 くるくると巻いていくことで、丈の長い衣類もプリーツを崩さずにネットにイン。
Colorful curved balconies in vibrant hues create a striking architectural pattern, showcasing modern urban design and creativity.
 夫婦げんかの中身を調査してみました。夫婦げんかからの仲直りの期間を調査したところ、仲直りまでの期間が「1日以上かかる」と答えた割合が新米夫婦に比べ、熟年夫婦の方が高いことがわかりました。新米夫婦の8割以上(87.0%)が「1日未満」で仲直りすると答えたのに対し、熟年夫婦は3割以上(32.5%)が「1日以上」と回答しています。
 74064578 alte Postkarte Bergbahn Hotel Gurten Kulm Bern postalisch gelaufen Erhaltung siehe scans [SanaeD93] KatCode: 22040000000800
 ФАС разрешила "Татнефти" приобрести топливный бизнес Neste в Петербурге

---

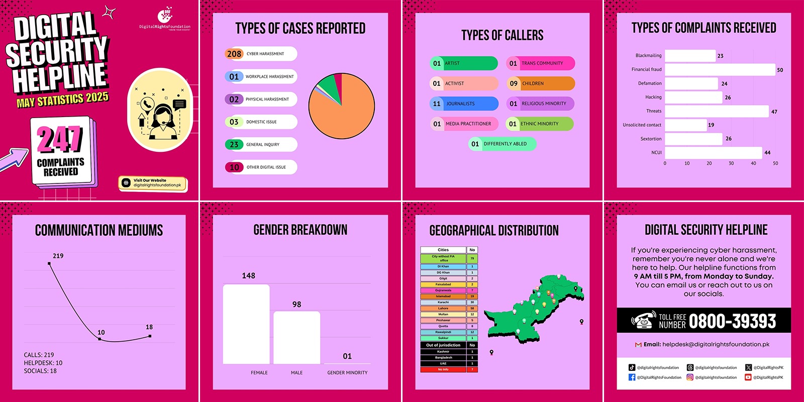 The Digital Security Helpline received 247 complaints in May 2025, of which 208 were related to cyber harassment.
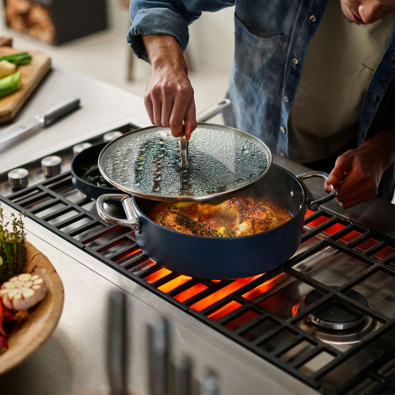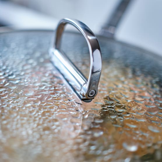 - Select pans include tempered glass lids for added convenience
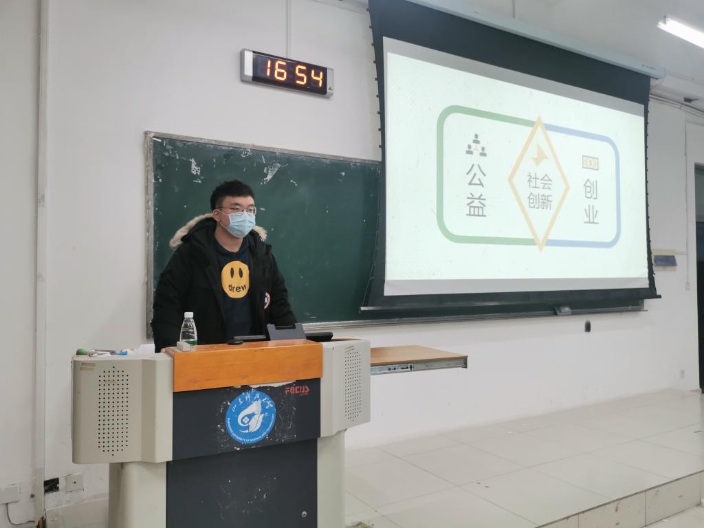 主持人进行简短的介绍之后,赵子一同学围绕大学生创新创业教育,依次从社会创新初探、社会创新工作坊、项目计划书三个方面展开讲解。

--

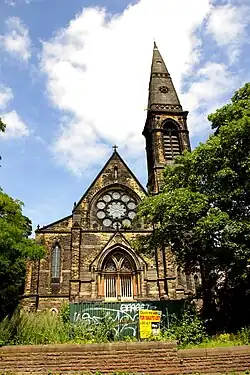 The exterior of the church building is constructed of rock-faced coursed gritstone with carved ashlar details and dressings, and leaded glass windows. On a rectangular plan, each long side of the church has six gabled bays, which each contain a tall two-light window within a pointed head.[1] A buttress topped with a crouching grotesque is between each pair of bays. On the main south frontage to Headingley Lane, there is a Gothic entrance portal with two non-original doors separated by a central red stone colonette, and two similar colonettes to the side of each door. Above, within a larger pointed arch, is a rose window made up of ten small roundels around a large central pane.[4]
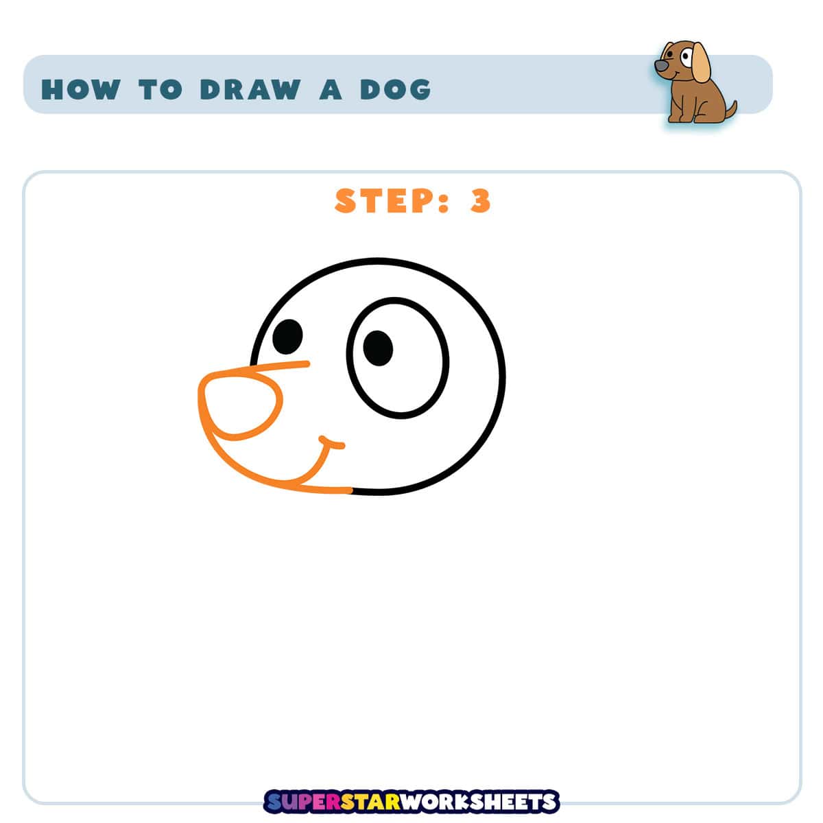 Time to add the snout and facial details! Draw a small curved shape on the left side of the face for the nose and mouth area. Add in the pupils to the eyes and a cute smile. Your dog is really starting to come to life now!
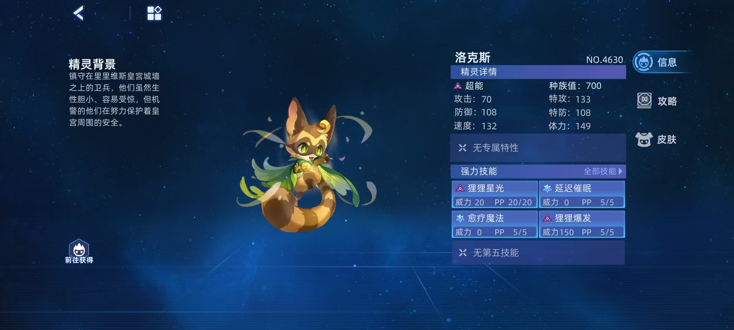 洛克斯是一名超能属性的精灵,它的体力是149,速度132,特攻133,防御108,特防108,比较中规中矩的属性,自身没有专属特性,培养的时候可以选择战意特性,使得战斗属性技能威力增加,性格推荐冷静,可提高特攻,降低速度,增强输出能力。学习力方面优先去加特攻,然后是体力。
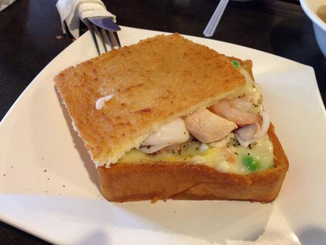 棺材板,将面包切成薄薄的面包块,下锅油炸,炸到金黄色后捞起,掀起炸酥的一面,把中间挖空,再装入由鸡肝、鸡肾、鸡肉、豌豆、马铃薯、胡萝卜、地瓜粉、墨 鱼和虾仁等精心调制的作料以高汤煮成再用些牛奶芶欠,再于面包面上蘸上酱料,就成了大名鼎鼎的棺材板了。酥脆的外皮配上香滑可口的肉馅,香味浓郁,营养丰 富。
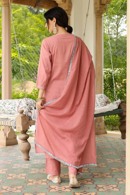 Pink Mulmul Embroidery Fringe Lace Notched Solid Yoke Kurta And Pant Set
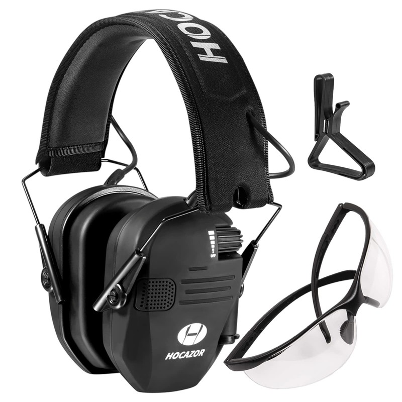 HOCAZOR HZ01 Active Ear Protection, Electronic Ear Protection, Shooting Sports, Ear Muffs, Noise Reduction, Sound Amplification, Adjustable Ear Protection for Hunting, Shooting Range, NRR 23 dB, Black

» **What to do**:
Using the data above, which lines fall from the one with "The Digital Security" through the one with "主持人进行简短的介绍之后,赵"? Repeat them exactly, ends included, minus any pictures.

» **Task output**:
 The Digital Security Helpline received 247 complaints in May 2025, of which 208 were related to cyber harassment.
 - Select pans include tempered glass lids for added convenience
 主持人进行简短的介绍之后,赵子一同学围绕大学生创新创业教育,依次从社会创新初探、社会创新工作坊、项目计划书三个方面展开讲解。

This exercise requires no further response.